I can strip paint off a wall with a single look.

Since I was way on the other side of San Jose in the Old Hood I decided to stop by the child support agency to check in and see how the never ending saga is going. While I waited I tried as hard as I could to busy myself by chatting to Julie and Kristen and avoid having to make eye contact with any of the men. Because if you are male and are there, there’s a 99% chance you were FORCED there for not paying somebody for the child that you helped create. And rather than shoot daggers at them I just try and pretend they don’t exist… and that I’ll wake up tomorrow with the $17,000 dollars I’ve been screwed out of over the last two years.

But there was one creepy old schmuck that kept staring at me. So I gave him The Look. You know girls, the look that says “If I have to respond to you it’s going to be by shoving your balls down your throat and watching you slowly suffocate on your very own inadequacy.” He got the point and stopped.

Till after I was done with my appointment and leaving that is. While I sit and talk to the social worker I allow Cassidy to stay in the waiting room to watch movies and play with the toys. They have a Plexiglass wall so that parents can talk alone and still keep an eye on their kids. When I walked out I called Cassidy over to leave and this guys looks me directly in the face and says:

Stupid Bastard (SB): Hey, you wanna hook up sometime?
Me: *stop dead in tracks, put on paint stripping face* No.
Me: *starts to walk away*
SB: Honey, I have a masters in engineering.
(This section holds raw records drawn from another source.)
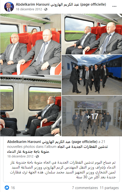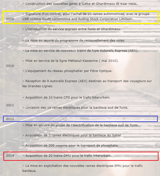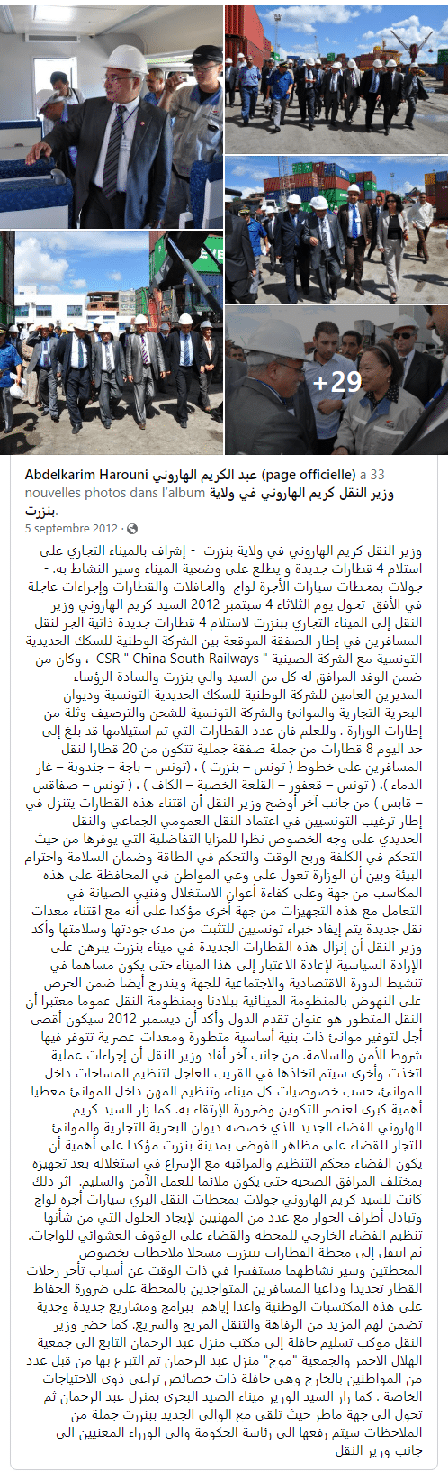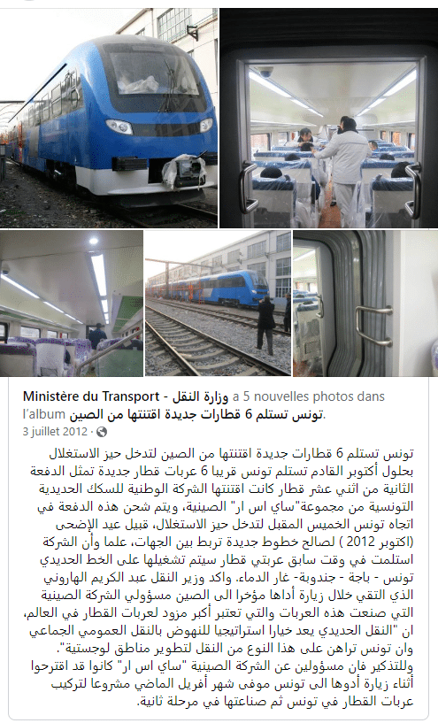 وأشار الموقع إلى أنّه تمّ إتمام الصّفقة فعليّا يوم 17 ديسمبر 2012، وهو تاريخ تدشين القطارات تحت إشراف وزراء النّقل والصّناعة والتجهيز، وفق منشور على صفحة عبد الكريم الهاروني على فيسبوك بتاريخ 18 ديسمبر 2012.
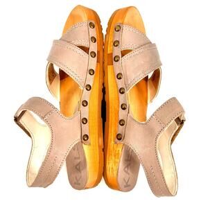 Kalso Earth Shoe “Serene” Leather Negative Heel Wooden Sandals
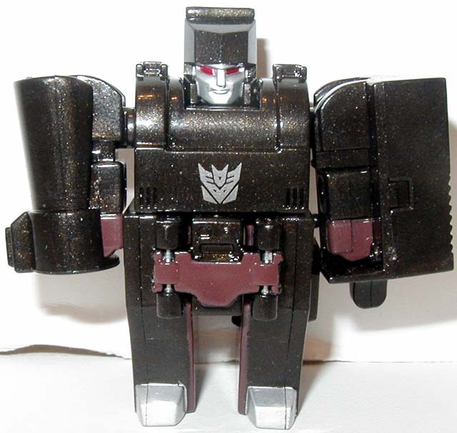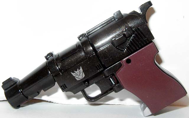 Megatron was also included as an accessory with: Super Collection Figure Act 2 Convoy w/jetpack (2001), Super Collection Figure Act 6 Convoy w/Megatron Gun (2002), Super Collection Figure Act 6 Pewter Convoy w/Megatron Gun (2002), Japan Wonder Festival Super Collection Figure Convoy (2002), Mega SCF Metallic Version Convoy (2002), Mega SCF Starscream (2002), Transformers Collection Starscream (2003), Masterpiece MP-1 Convoy (2003), 20th Anniversary Optimus Prime (2004), Masterpiece MP-2 Ultra Magnus (2005), Revoltech Starscream (2008), Masterpiece MP-1B Convoy Black Version (2010), Masterpiece MP-4S Convoy Sleep Mode (2010), San Diego Comic Con 2011 G.I. Joe and the Transformers Starscream (2011), Masterpiece MP-13 Soundwave (2013), Toys R Us Masterpiece Soundwave (2013), Masterpiece MP-13B Soundblaster (2014), Masterpiece MP-11SW Skywarp (2015), and Walmart Reissue Starscream (2018).

Okay, he’s done it. He’s pushed me too far. If I wasn’t already frustrated about having to drive clear across town at 4:00PM I *might* have let this slide by. But that wasn’t the case and he became the best outlet for such frustration.

Me: You have a masters degree in engineering and the best line you can come up with is “Hey, wanna hook up?”
(SB): I use what works, sweetie.
Me: You know what would work? PAYING YOUR FUCKING CHILD SUPPORT so that you wouldn’t be spending your time HERE and could find a more suitable place to pick up on the mindless IDIOTS that would fall for that LAME ASS line.
SB: But.. well.. bu.. uhh…
Me: *smiles and walks out the door*

I can’t stand being leered at. Or whistled at. Or “Hey Baby-ed” by some random schmuck. When it happens I always have to fight off the urge to verbally bitch slap the guy into next week.

The only worth while part of the whole visit other than watching the old schmucks balls retract into his body was the use of words like “bench” and “warrant” followed by “has already been issued” in one breath when talking to my social worker.